▶ Work instruction
Transcribe each entry in full, and leave the images out.
-.-.-
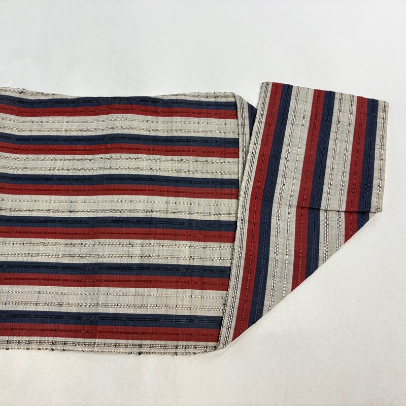 夏帯でございます。 普段使いでお使いいただける名古屋帯でございます。 カジュアルな装いに合わせてお使いください。 帯縁に生地のヨレ、前柄お太鼓間にほつれがございます。 リユース品としては良い状態で、まだまだご活用頂けると思われます。 ※なお、厳しく商品の状態確認を行っておりますが、記載の汚れ以外にも見落とし箇所がある可能性がある旨ご了承いただけますと幸いです。 沢山の商品の中からご覧いただき誠にありがとうございます。
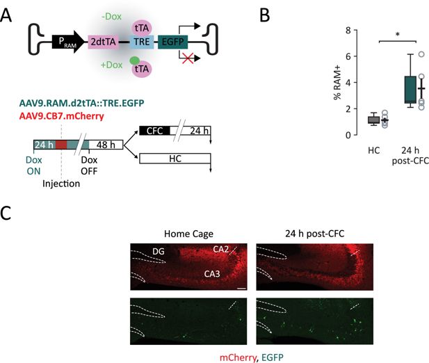 (A) RAM construct outline and expression mechanism. Top panel: Dox administration prevents binding of tTA protein to the TRE promoter, whereas Dox deprivation allows downstream EGFP transcription. Bottom panel: scheme for in vivo experiments using the RAM system. Dox-fed mice are bilaterally injected in CA3 with viral constructs for RAM and the infection marker AAV-CB7-mCherry. The diet is switched to regular food chow 48 hr prior to the contextual fear conditioning (CFC). Then, mice undergo CFC and sections are collected (downward arrows) 24 hr later and compared to untrained mice that never left their home cage. (B) Percentage of RAM+ CA3 neurons over the total number of mCherry+ neurons in HC and 24 hr post-CFC. (C) Representative sections of CFC-trained mice compared to HC mice. Dashed lines outline the dentate gyrus (DG) cellular layer, while the dashed segment indicates the separation between CA3 and CA2. Scale bar = 100 µm. Statistical signficance: *p<0.05.
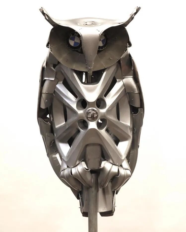 从事雕塑创作十多年的经验,让这位雕塑家的作品越来越精彩,让人感觉这些汽车轮毂,就是为了制作出这些雕塑作品量身打造的一样。
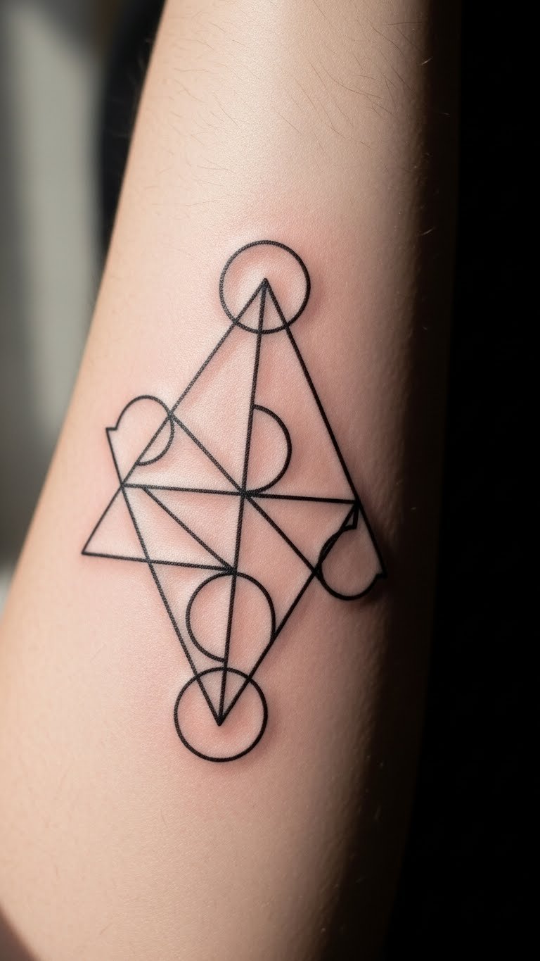 Positioned on the forearm, it serves as a constant reminder of the freedom that comes from minimalist design. The interlocking shapes symbolize unity and harmony, resonating with the individual’s journey toward self-discovery and personal growth.
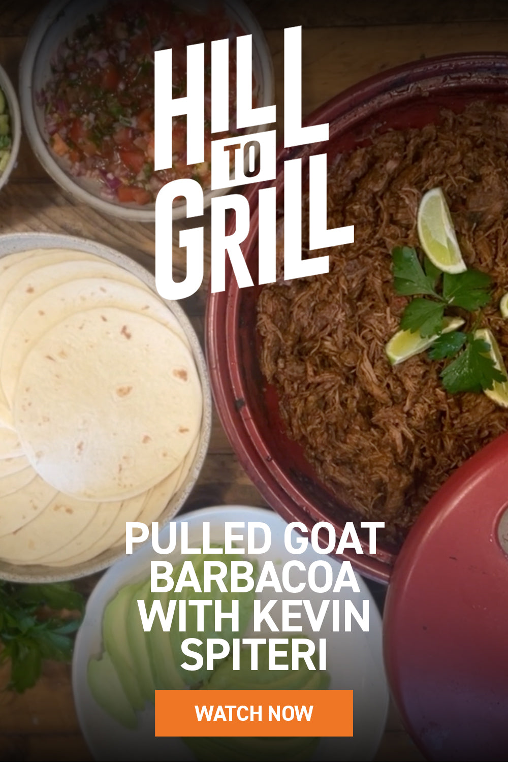 Warm the La Banderita Soft Taco or tortillas and fill them with shredded goat. Top with the salsa, grated cheese, sour cream, and a squeeze of lime.
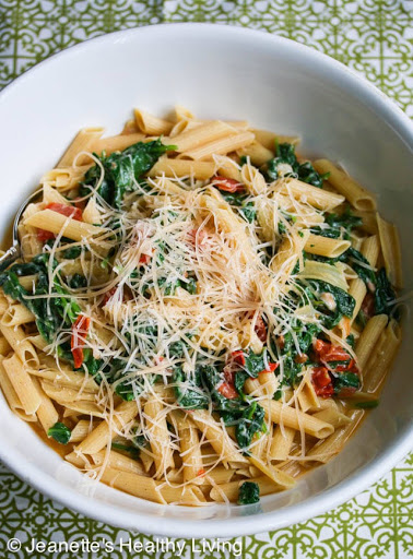 Cook pasta according to directions. Drain, reserving 1 cup pasta cooking water. Meanwhile, warm olive oil in large skillet over medium heat. Add garlic and sauce until fragrant; add spinach and tomatoes and cook until spinach just wilts, about 2-3 minutes. Add cooked pasta and toss. Add cheese, salt and pepper. Toss well. Add pasta cooking water as needed to loosen up pasta.
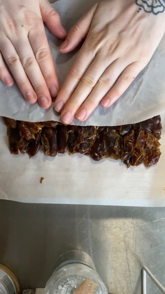 - Lay another baking sheet on top and press down to flatten the dates. This also helps them stick together a little
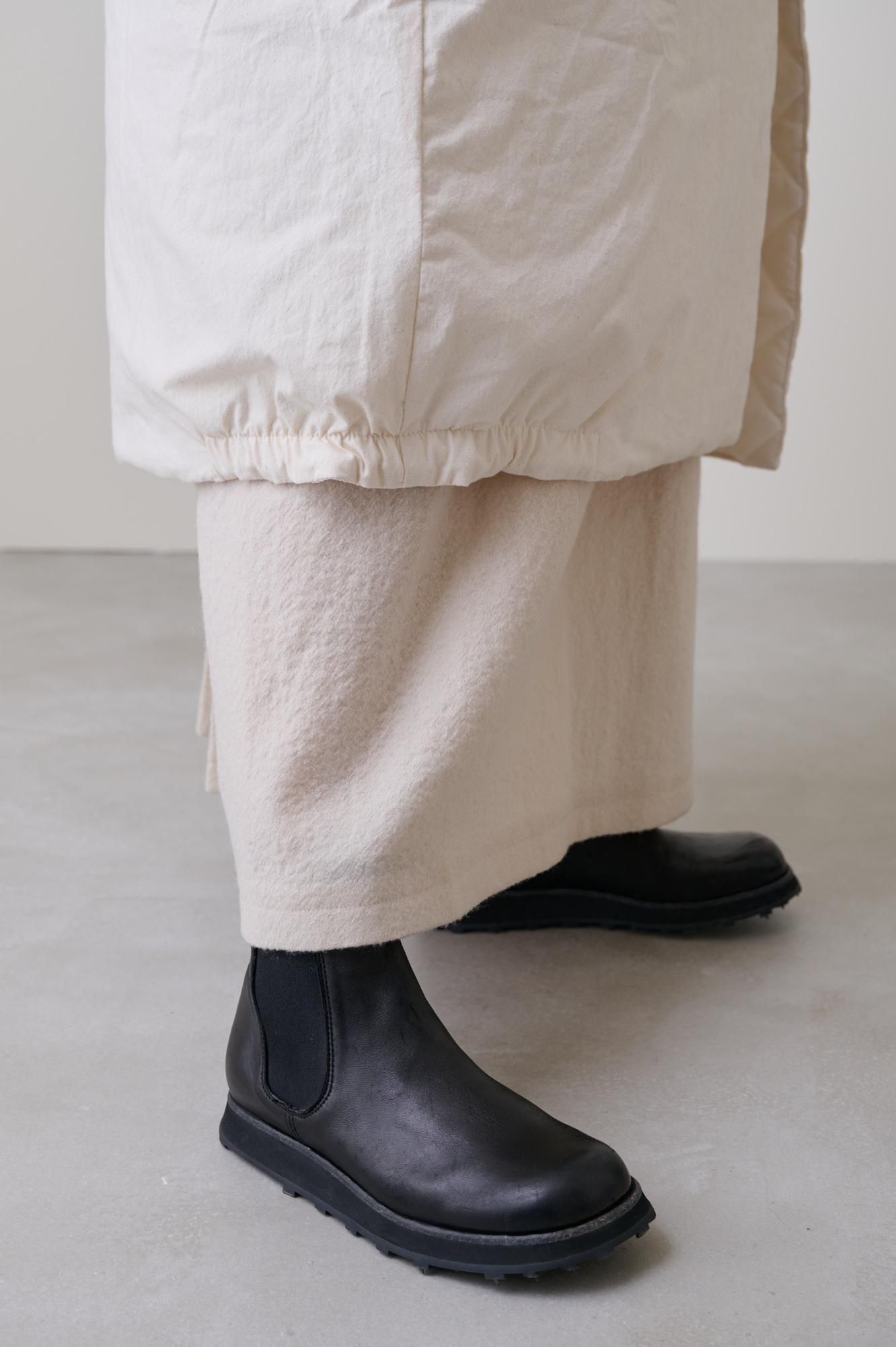両側の裾をゴムで絞ることにより、着太りして見えないバルーンシルエットに仕上げています。
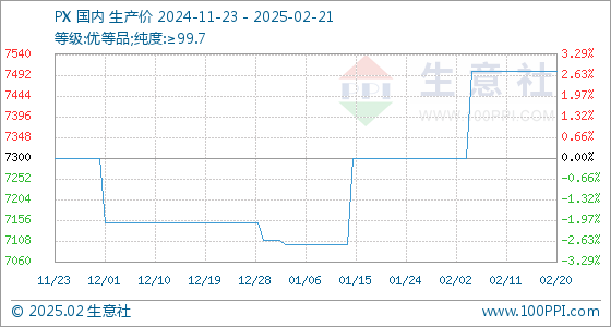 2月21日,生意社PX基准价为7500.00元/吨,与本月初(7300.00元/吨)相比,上涨了2.74%。
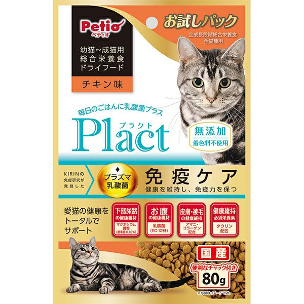 毎日のごはんに乳酸菌プラス。KIRINの免疫研究が発見したプラズマ乳酸菌配合。健康を維持し、免疫力を保つ”免疫ケア”。ネコちゃんの健康に配慮した全成長段階用キャットドライフードお試しパック3種アソート。 【14%OFF】【お試しセット品】Plact プラクト キャット ドライフード 3種アソート カツオ チキン フィッシュミックス味 80g×3個 幼猫~成猫用
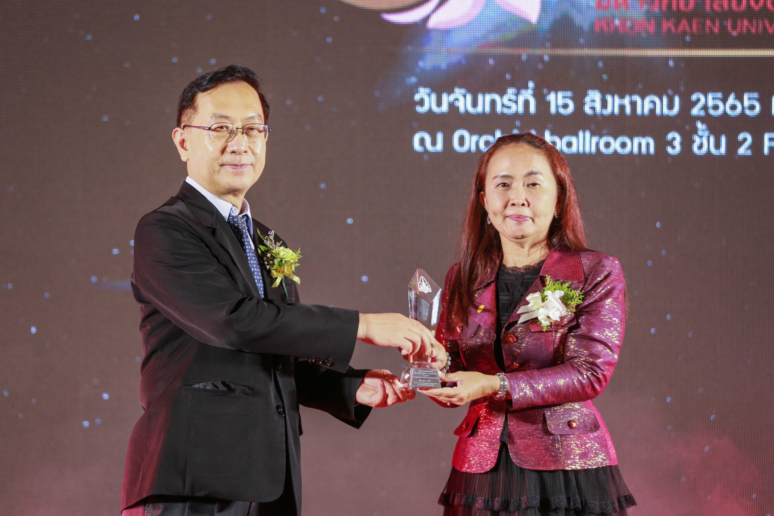 เมื่อวันจันทร์ที่ 15 สิงหาคม 2565 ฝ่ายวิจัย และ บริการวิชาการ โดยกองบริหารงานวิจัย มหาวิทยาลัยขอนแก่น จัดพิธีมอบรางวัลนักวิจัยดีเด่นและนักวิจัยเกียรติคุณสารสิน ประจำปี 2564 โดยมี ศ.มนต์ชัย ดวงจินดา รองอธิการบดีฝ่ายวิจัยและบัณฑิตศึกษา มหาวิทยาลัยขอนแก่น กล่าวรายงาน รศ. นพ. ชาญชัย พานทองวิริยะกุล อธิการบดีมหาวิทยาลัยขอนแก่น กล่าวเปิด ในการนี้ มีนักวิจัยที่ได้รับรางวัลเข้าร่วมพิธี ผู้บริหารมหาวิทยาลัย และ ผู้ร่วมแสดงความยินดี เข้าร่วมพิธีเป็นจำนวนมาก ณ ออคิดบอลรูม 3 ชั้น 2 โรงแรมพูลแมน ขอนแก่น โดย คณะเทคโนโลยี มีคณาจารย์ได้รับนักวิจัยดีเด่นและนักวิจัยเกียรติคุณสารสิน ประจำปี 2564 ในครั้งนี้ได้แก่ รองศาตราจารย์ผกาวดี แก้วกานเนตร รางวัลนักวิจัยดีเด่นระดับเงิน และ ศาสตราจารย์ลักขณา เหล่าไพบูลย์ รางวัลนักวิจัยดีเด่นระดับทอง
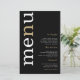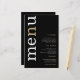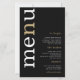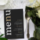 Simple White Gold Typography Black Wedding Menu. A budget price size 5.5” x 8.5”, on an elegant 110 lb LINEN stock – for a luxury feel at great value, this is perfect for menus, as well as invitations and programs etc. This budget size alternative is also available in other paper choices. The SEMI-GLOSS 110 lb card stock is about the same thickness as a postcard, so also works well for invitations. The FELT 100 lbs paper is buff colored, NOT white, so adds a rustic touch. The MATTE 80lbs paper stock is bright white, for crisp printing, great for your menus and programs, whilst the SATIN 80lbs paper is thin and light A modern typographical design with Menu in large typography in white with the ”n” in gold rotated and to the left hand side on a black background.
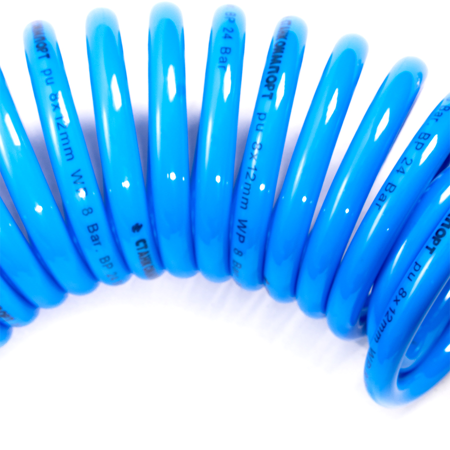 Шланг воздушный спиральный применяется для подачи воздуха от компрессора или линии сжатого воздуха к пневмоинструменту. За счет своей формы в виде спирали, шланг имеет достаточно компактный размер и не мешается под ногами.
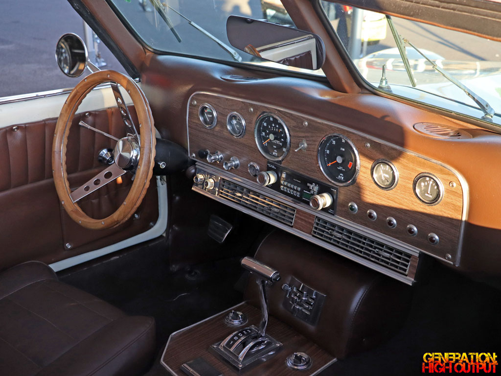 The dashboard has a cassette player radio, air conditioning, and all the faux woodgrain trim and brown vinyl upholstery you can handle. The layout is unconventional with the speedometer and tachometer in the center of the very flat dashboard.
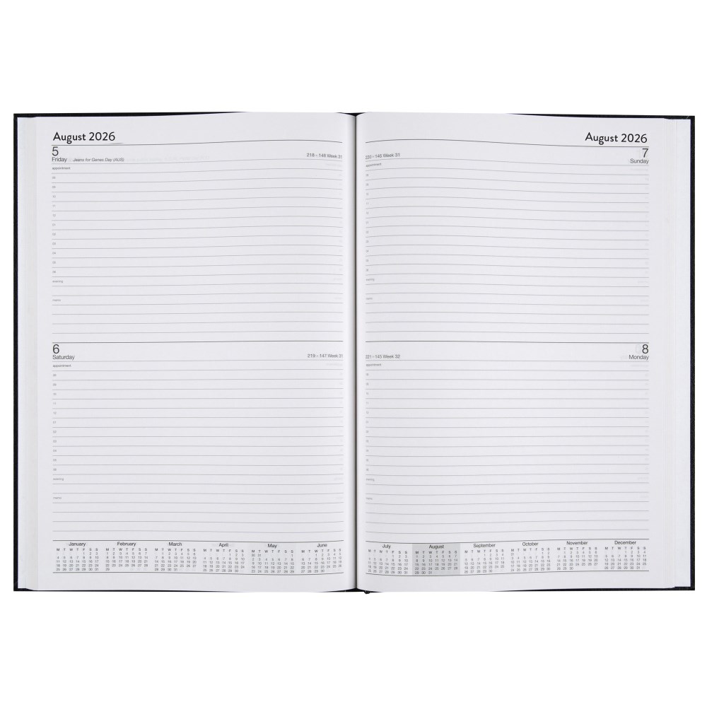 CUMBERLAND CLASSIC DIARY Week To View Casebound A4 Black 2026
-.-.-
▶ Solved exercise
 夏帯でございます。 普段使いでお使いいただける名古屋帯でございます。 カジュアルな装いに合わせてお使いください。 帯縁に生地のヨレ、前柄お太鼓間にほつれがございます。 リユース品としては良い状態で、まだまだご活用頂けると思われます。 ※なお、厳しく商品の状態確認を行っておりますが、記載の汚れ以外にも見落とし箇所がある可能性がある旨ご了承いただけますと幸いです。 沢山の商品の中からご覧いただき誠にありがとうございます。
 (A) RAM construct outline and expression mechanism. Top panel: Dox administration prevents binding of tTA protein to the TRE promoter, whereas Dox deprivation allows downstream EGFP transcription. Bottom panel: scheme for in vivo experiments using the RAM system. Dox-fed mice are bilaterally injected in CA3 with viral constructs for RAM and the infection marker AAV-CB7-mCherry. The diet is switched to regular food chow 48 hr prior to the contextual fear conditioning (CFC). Then, mice undergo CFC and sections are collected (downward arrows) 24 hr later and compared to untrained mice that never left their home cage. (B) Percentage of RAM+ CA3 neurons over the total number of mCherry+ neurons in HC and 24 hr post-CFC. (C) Representative sections of CFC-trained mice compared to HC mice. Dashed lines outline the dentate gyrus (DG) cellular layer, while the dashed segment indicates the separation between CA3 and CA2. Scale bar = 100 µm. Statistical signficance: *p<0.05.
 从事雕塑创作十多年的经验,让这位雕塑家的作品越来越精彩,让人感觉这些汽车轮毂,就是为了制作出这些雕塑作品量身打造的一样。
 Positioned on the forearm, it serves as a constant reminder of the freedom that comes from minimalist design. The interlocking shapes symbolize unity and harmony, resonating with the individual’s journey toward self-discovery and personal growth.
 Warm the La Banderita Soft Taco or tortillas and fill them with shredded goat. Top with the salsa, grated cheese, sour cream, and a squeeze of lime.
 Cook pasta according to directions. Drain, reserving 1 cup pasta cooking water. Meanwhile, warm olive oil in large skillet over medium heat. Add garlic and sauce until fragrant; add spinach and tomatoes and cook until spinach just wilts, about 2-3 minutes. Add cooked pasta and toss. Add cheese, salt and pepper. Toss well. Add pasta cooking water as needed to loosen up pasta.
 - Lay another baking sheet on top and press down to flatten the dates. This also helps them stick together a little
両側の裾をゴムで絞ることにより、着太りして見えないバルーンシルエットに仕上げています。
 2月21日,生意社PX基准价为7500.00元/吨,与本月初(7300.00元/吨)相比,上涨了2.74%。
 毎日のごはんに乳酸菌プラス。KIRINの免疫研究が発見したプラズマ乳酸菌配合。健康を維持し、免疫力を保つ”免疫ケア”。ネコちゃんの健康に配慮した全成長段階用キャットドライフードお試しパック3種アソート。 【14%OFF】【お試しセット品】Plact プラクト キャット ドライフード 3種アソート カツオ チキン フィッシュミックス味 80g×3個 幼猫~成猫用
 เมื่อวันจันทร์ที่ 15 สิงหาคม 2565 ฝ่ายวิจัย และ บริการวิชาการ โดยกองบริหารงานวิจัย มหาวิทยาลัยขอนแก่น จัดพิธีมอบรางวัลนักวิจัยดีเด่นและนักวิจัยเกียรติคุณสารสิน ประจำปี 2564 โดยมี ศ.มนต์ชัย ดวงจินดา รองอธิการบดีฝ่ายวิจัยและบัณฑิตศึกษา มหาวิทยาลัยขอนแก่น กล่าวรายงาน รศ. นพ. ชาญชัย พานทองวิริยะกุล อธิการบดีมหาวิทยาลัยขอนแก่น กล่าวเปิด ในการนี้ มีนักวิจัยที่ได้รับรางวัลเข้าร่วมพิธี ผู้บริหารมหาวิทยาลัย และ ผู้ร่วมแสดงความยินดี เข้าร่วมพิธีเป็นจำนวนมาก ณ ออคิดบอลรูม 3 ชั้น 2 โรงแรมพูลแมน ขอนแก่น โดย คณะเทคโนโลยี มีคณาจารย์ได้รับนักวิจัยดีเด่นและนักวิจัยเกียรติคุณสารสิน ประจำปี 2564 ในครั้งนี้ได้แก่ รองศาตราจารย์ผกาวดี แก้วกานเนตร รางวัลนักวิจัยดีเด่นระดับเงิน และ ศาสตราจารย์ลักขณา เหล่าไพบูลย์ รางวัลนักวิจัยดีเด่นระดับทอง
 Simple White Gold Typography Black Wedding Menu. A budget price size 5.5” x 8.5”, on an elegant 110 lb LINEN stock – for a luxury feel at great value, this is perfect for menus, as well as invitations and programs etc. This budget size alternative is also available in other paper choices. The SEMI-GLOSS 110 lb card stock is about the same thickness as a postcard, so also works well for invitations. The FELT 100 lbs paper is buff colored, NOT white, so adds a rustic touch. The MATTE 80lbs paper stock is bright white, for crisp printing, great for your menus and programs, whilst the SATIN 80lbs paper is thin and light A modern typographical design with Menu in large typography in white with the ”n” in gold rotated and to the left hand side on a black background.
 Шланг воздушный спиральный применяется для подачи воздуха от компрессора или линии сжатого воздуха к пневмоинструменту. За счет своей формы в виде спирали, шланг имеет достаточно компактный размер и не мешается под ногами.
 The dashboard has a cassette player radio, air conditioning, and all the faux woodgrain trim and brown vinyl upholstery you can handle. The layout is unconventional with the speedometer and tachometer in the center of the very flat dashboard.
 CUMBERLAND CLASSIC DIARY Week To View Casebound A4 Black 2026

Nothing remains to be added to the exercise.